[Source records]
----------
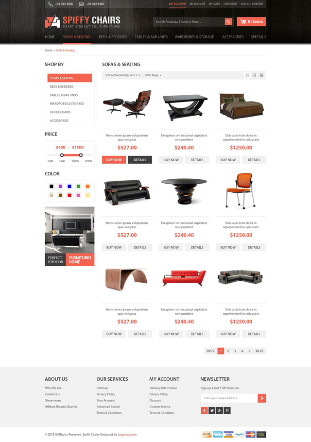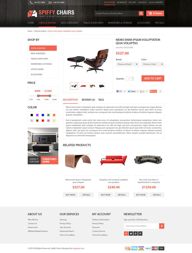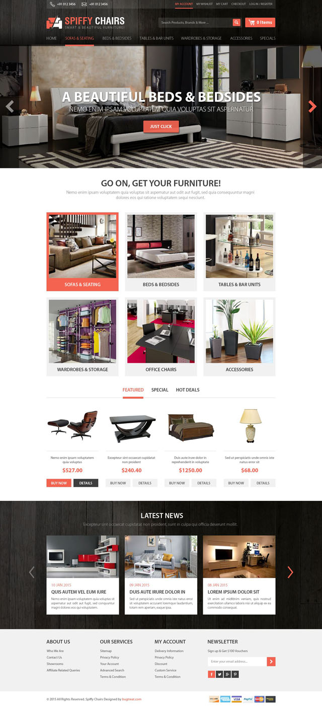 Spiffy Chairs is a latest version cs-cart template which is specially designed to sell out Home Decoration and Furnish like a Sofas,Leather Chairs,Bed spread and etc.... With attractive theme colors and Great slideshow, nice banners making your site more beautiful.
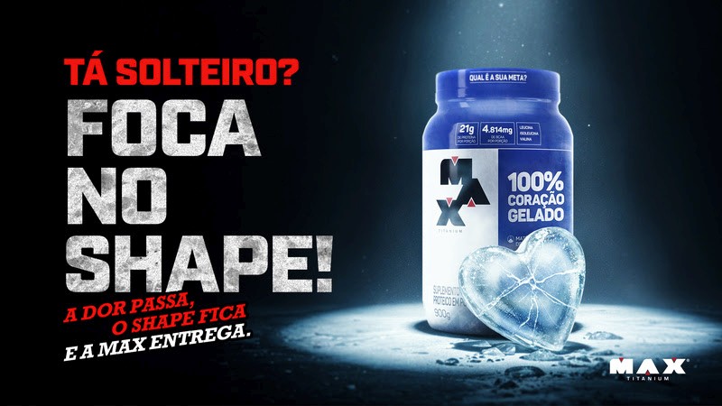 A Max Titanium decidiu seguir por um caminho sarcástico no Dia dos Namorados. Fugindo do óbvio, a marca do Grupo Supley lança uma campanha inédita focada justamente em quem vai passar a data solteiro, seja por opção ou por recentes reviravoltas no coração, e quer transformar esse momento em combustível para evoluir no shape.
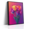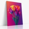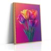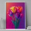 Oslnivý a radostný snímek tulipánů zachycených v bohatém spektru barev, vytvářející živou a dynamickou kompozici. Tento výjimečný obraz na plátně představuje ikonické jarní květiny v netradiční barevné interpretaci, kde se jednotlivé odstíny přelévají a vzájemně doplňují v harmonické symfonii. Precizní detail umožňuje pozorovat elegantní tvar a strukturu tulipánů, zatímco kreativní barevné pojetí přináší do interiéru energii a pozitivní náladu. Dokonalá volba pro moderní a odvážné prostory, které ocení kombinaci klasického květinového motivu s originálním uměleckým zpracováním. Tulipány symbolizující jaro a obnovu rozzáří jakýkoliv interiér.
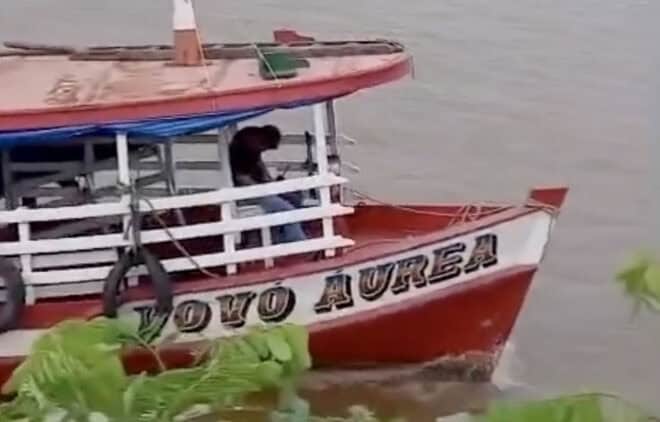 O momento foi registrado em vídeo por testemunhas, que observavam a embarcação seguindo sem controle em direção à margem. Nas imagens, é possível ouvir pessoas gritando desesperadamente para alertar e acordar o condutor, mas a tentativa foi em vão. O barco bateu no barranco e parou de avançar. Um homem conseguiu entrar na embarcação e desligar o motor, evitando danos maiores.
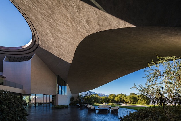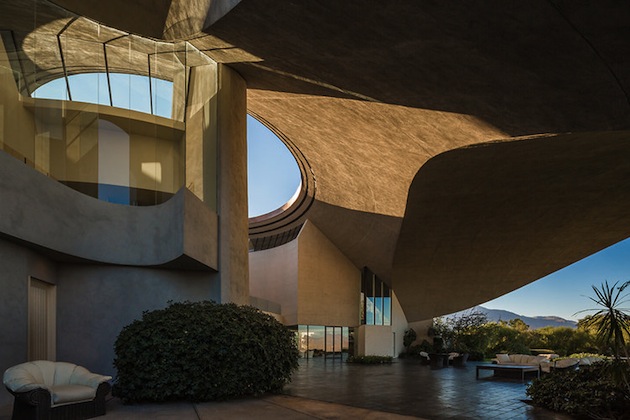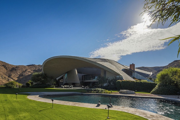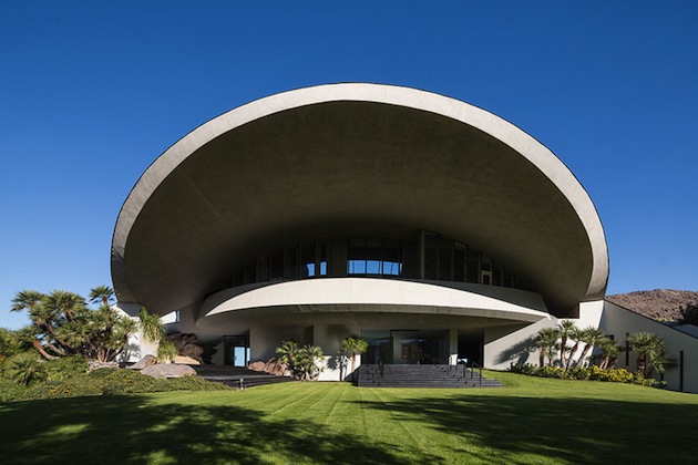 Cette maison de 22.000 pieds carrés est la maison de fête de Bob Hope à Palm Springs. Des espaces immenses, ouverts sur la chaleur du désert, sur le ciel étoilé et sur des cheminées géantes. Un endroit dédié à la réception de grandes assemblées, de folies et des soirées incroyables. La créativité du génie John Lautner à son paroxysme. Elle est à vendre depuis quelques jours à 50 millions de dollars. Démesurée sous tous les angles …
----------
Repeat exactly and only the lines from the start of the data above through the line that holds "Oslnivý a radostný", inclusive. Pictures do not belong in the copy.

## Exercise response
 Spiffy Chairs is a latest version cs-cart template which is specially designed to sell out Home Decoration and Furnish like a Sofas,Leather Chairs,Bed spread and etc.... With attractive theme colors and Great slideshow, nice banners making your site more beautiful.
 A Max Titanium decidiu seguir por um caminho sarcástico no Dia dos Namorados. Fugindo do óbvio, a marca do Grupo Supley lança uma campanha inédita focada justamente em quem vai passar a data solteiro, seja por opção ou por recentes reviravoltas no coração, e quer transformar esse momento em combustível para evoluir no shape.
 Oslnivý a radostný snímek tulipánů zachycených v bohatém spektru barev, vytvářející živou a dynamickou kompozici. Tento výjimečný obraz na plátně představuje ikonické jarní květiny v netradiční barevné interpretaci, kde se jednotlivé odstíny přelévají a vzájemně doplňují v harmonické symfonii. Precizní detail umožňuje pozorovat elegantní tvar a strukturu tulipánů, zatímco kreativní barevné pojetí přináší do interiéru energii a pozitivní náladu. Dokonalá volba pro moderní a odvážné prostory, které ocení kombinaci klasického květinového motivu s originálním uměleckým zpracováním. Tulipány symbolizující jaro a obnovu rozzáří jakýkoliv interiér.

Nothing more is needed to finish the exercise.